Marketing, general and administrative expense for Global Markets was $10.3
million in the quarter, virtually unchanged versus a year ago.
Corporate general and administrative expense was $23.2 million in the
fourth quarter, a decrease of $7.6 million, or 24.8 percent, due to lower
incentive compensation and project spending.
Net interest expense was $19.6 million in the fourth quarter, a decrease
of $7.6 million compared to a year ago. Also in the quarter, Corporate other
expense was driven by a one-time mark-to-market expense related to the
Foster's cash-settled total-return swap.
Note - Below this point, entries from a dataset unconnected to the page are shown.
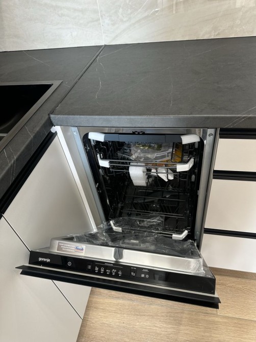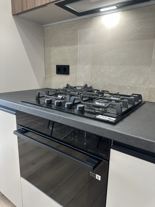 Кухня-вітальня: обідня зона, диван, посудомийна машина,газова поверхня, духова шафа з микрохвильовкою, холодильник, вся техніка вбудована.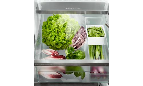 Het SmartSteel interieur met LightTower en Ambient verlichting wordt optimaal verlicht. In de BioFresh Professional laden op SoftTelescopic rails blijven groenten en fruit tot 3x langer vers. Voor een maximale versheid wordt regelmatig een frisse nevel over groente en fruit verspreid. De InfinitySpring waterdispenser met vaste wateraansluiting is naadloos geïntegreerd in de binnenwand. De deur met SoftSystem sluit altijd zacht en met het Touch & Swipe kleurendisplay kunnen alle functies en temperatuurinstellingen eenvoudig worden bediend. Dankzij zijwandverwarming zonder kans op condensatiepro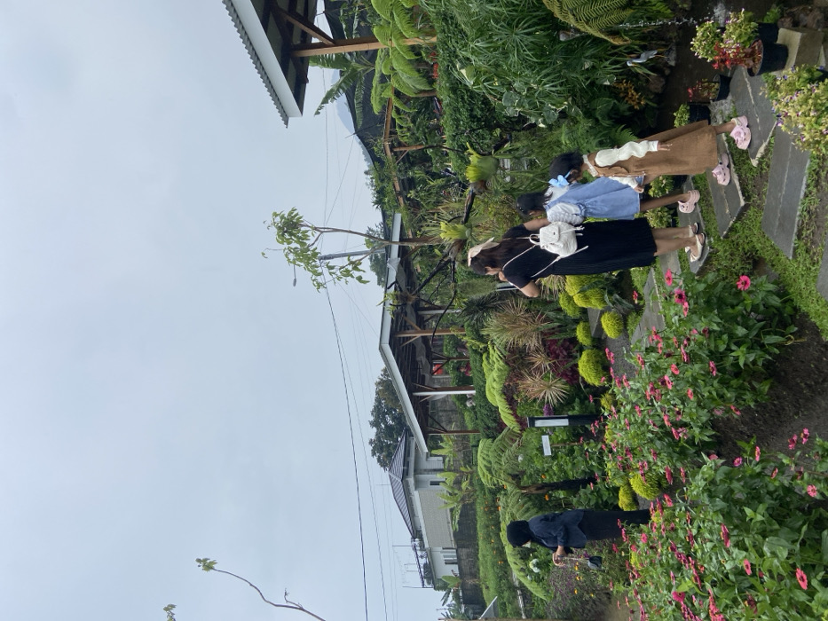 The image displays an outdoor garden or recreational area situated in Trawas, Indonesia, under an overcast sky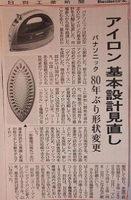 ところで、日刊工業新聞(2010.1.14付け)を読むと、なかなか興味深い記事が掲載されていた。パナソニックでは、約20年ぶりにアイロンの基本設計を大幅に見直し基本形状から刷新したとのことだ。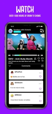 CREATE – videos, and use hilarious face filters or effects.WATCH - over 1,000 hours of Grom TV shows.DISCOVER - new videos and friends around the world, daily.CONNECT - with friends, celebrities, and athletes. SHARE - the best moments in life with friends.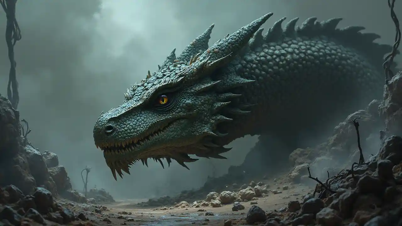 Atemberaubende Details zeigen einen imposanten Drachen, der sich nach tausend Jahren Tiefschlaf bewegt und in seinen halbgeöffneten Augen eine starke, faszinierende Kraft hält, die den Menschen berauscht. Konzeptkunst fängt die Pracht des Drachen in einer verzerrten, gesprenkelten Schuppe und einer verstörenden Form einer chaotischen, eindringlichen Atmosphäre ein. Die Szene, obwohl es an Feinschliff mangelt, ruft eine primitive, unzähmbare Ästhetik hervor, die den Betrachter in surreale, traumhafte Momente eintaucht, die über die traditionelle Schönheit hinausgehen.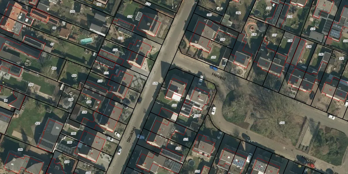 Het perceel waarop Struikhei 13 staat heeft een oppervlakte van 443 m². Dit is een groot perceel. De perceeloppervlakte wordt geregistreerd door het Kadaster. Gedetailleerde informatie over de maten van dit perceel kunt u vinden in het rapport Kadastrale kaart met maatvoering van Struikhei 13.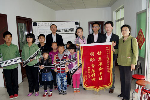 為響應落實教育部關于加強學校藝術(shù)教育的指示精神,4月末,中國教學儀器設備有限公司以及北京龍羽時代科技有限公司聯(lián)合我公司來到了河北阜平縣馬蘭村,參加了紀念鄧拓誕辰百年匯報演出活動,并向這里的小學贈送了由江蘇天鵝樂器有限公司無償提供的37鍵全樂理口風琴,以提高學生的音樂素質(zhì)。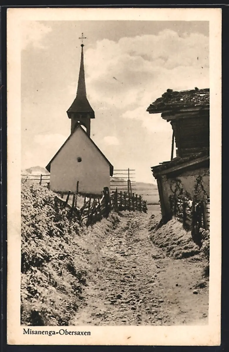 AK Obersaxen, Misanenga, Ortspartie mit Kirche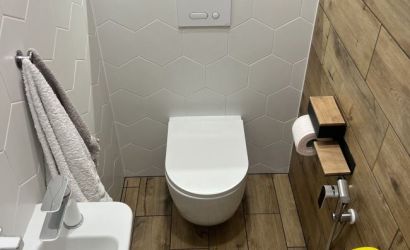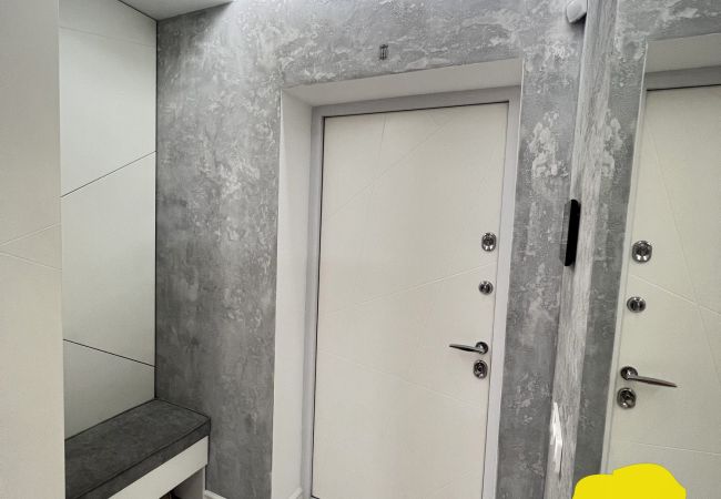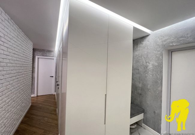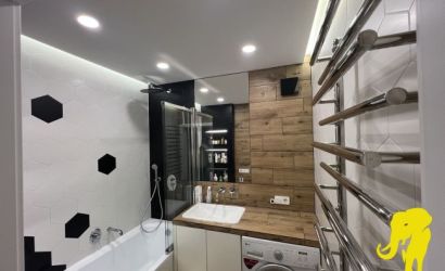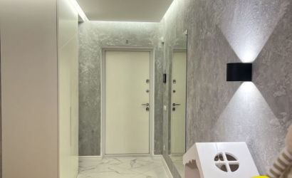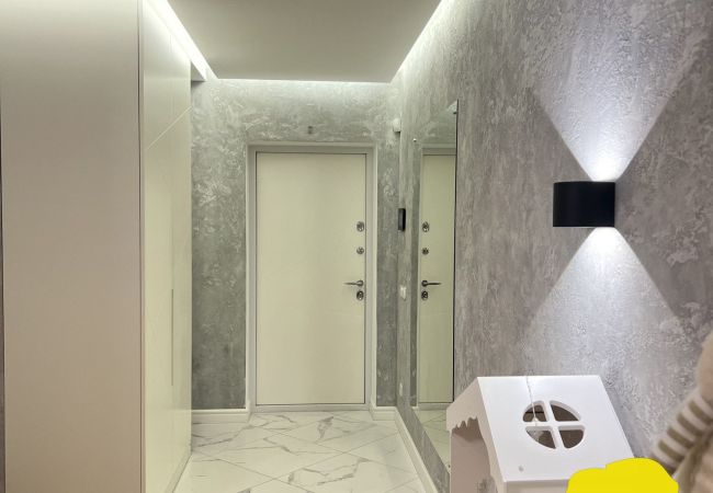 • Дизайнерский ремонт: Потолки с парящим эффектом из влагостойкого гипсокартона, окрашенные премиальной краской от Caparol, создают ощущение легкости и простора. Стены оштукатурены и оформлены дорогим декором от производителя Oikos.

The underlying pretax loss for
Global Markets and Corporate was $50.3 million, a 21.0 percent improvement
versus the fourth quarter of 2007.
Special and Other One-Time Items
During the fourth quarter 2008, the Company reported a net special credit
of $2.1 million pretax, which was composed primarily of a $10.4 million
curtailment gain related to closing a pension plan in the U.K., partially
offset by Edmonton Brewery closure costs of $4.2 million, an asset impairment
charge of $1.7 million, and MillerCoors readiness and deal costs of $1.4
million.
Corporate other expense in the quarter totaled $20.0 million, primarily
composed of a $17.9 million one-time non-cash mark-to-market cost related to
the cash-settled total-return swap the Company arranged with respect to
Foster's common stock in 2008.
During the fourth quarter of 2008, MillerCoors reported special or
exceptional items totaling $81 million, which included a Sparks' brand
impairment of $65 million, as well as integration costs. These integration
costs are part of the investment which will enable MillerCoors to meet its
stated $500 million three-year synergy plan. The Sparks' brand impairment has
been offset by a one-time adjustment in our equity method accounting and thus
had no effect on Molson Coors results.
Discontinued Operations
The Company reports results associated with its former Brazilian unit,
Cervejarias Kaiser ("Kaiser"), as discontinued operations. The Company
reported a gain of $6.1 million from discontinued operations during the
quarter primarily due to the impact of favorable foreign exchange movements on
the Kaiser indemnity estimates.
2008 Fourth Quarter Earnings Conference Call
Molson Coors Brewing Company will conduct an earnings conference call with
financial analysts and investors at 11:00 a.m. Eastern Time today to discuss
the Company's 2008 fourth quarter and full year results. The Company will
provide a live webcast of the earnings call.
Approximately two hours after the conclusion of the earnings call, the
Company also will host an online, real-time webcast of an Investor Relations
Follow-up Session with financial analysts at 2:00 p.m. Eastern Time. Both
webcasts will be accessible via the Company's website,
http://www.molsoncoors.com. Online replays of the webcasts will be available
until 11:59 p.m. Eastern Time on May 4, 2009. The company will post this
release and related financial statements today on its web site,
http://www.molsoncoors.com
Reconciliations to Nearest U.S. GAAP Measures
Molson Coors Brewing Company
Table 3: 2008 Fourth Quarter Underlying After-Tax Income
(After-Tax Income From Continuing Operations, Excluding Special and Other
One-time Items)
(Note: Some numbers may not sum due to rounding.)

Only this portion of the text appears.